I once tried to see if non-human identities could verify and authenticate with the six human factors. (Yeah, six. Watch for the book.)
Definitions
In reality, non-human identities use entirely different authentication methods…with their own acronyms. For example:
- SPIFFE is the Secure Production Identity Framework For Everyone.
- SPIRE is the SPIFFE Runtime Environment.
“SPIFFE and SPIRE provide strongly attested, cryptographic identities to workloads across a wide variety of platforms”
That wide variety of platforms is distributed.
“SPIFFE and SPIRE provide a uniform identity control plane across modern and heterogeneous infrastructure. Since software and application architectures have grown substantially, they are spread across virtual machines in public clouds and private data centers.”
Distinguishing between the two, the SPIFFE Project “defines a framework and set of standards for identifying and securing communications between application services, while the runtime environment SPIRE “is a toolchain of APIs for establishing trust between software systems across a wide variety of hosting platforms.”
Benefits
Forget all that. Let’s get to the benefits.

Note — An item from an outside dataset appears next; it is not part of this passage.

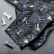 Chess Terms and Pieces Silver and Blue ID784 Fabric
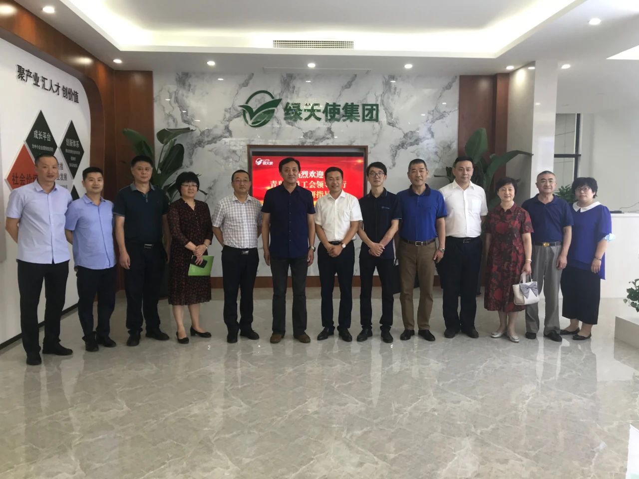 近日,青島市總工會副主席周新國、市總工會副巡視員阮丁、城陽區總工會黨組書記、主席孫立新、工友創業聯盟理事長王濤宇等一行來訪綠天使調研,綠天使董事長王瑞強、副總經理陳聰聰、運營經理陳凌云進行了熱情的接待。

Enable defense in depth: Provide strongly attested identities to reduce the likelihood of breach through credential comprise
Reduce operational complexity: Consistent, automated management of identity reduces the burden of devops teams
Interoperability: Simplifies the technical aspects of full interoperability across multiple stacks
Compliance and auditability: Enables mutually authenticated TLS and multiple roots of trust to meet regulatory requirements
Use at Uber
But does anyone use it? Yes. Take Uber:
“We use SPIRE at Uber to provide identity to workloads running in multiple clouds (GCP, OCI, AWS, on-premise) for a variety of jobs, including stateless services, stateful storage, batch and streaming jobs, CI jobs, workflow executions, infrastructure services, and more. We have worked with the open source community since the early stages of the project in mid-2018 to address production readiness and scalability concerns.”
More here.
Now this is admittedly a whole new world for me, far afield from the usual 12345 and gummy arguments where I usually reside. But since bots will soon outnumber people (if they don’t already), we had all better learn it.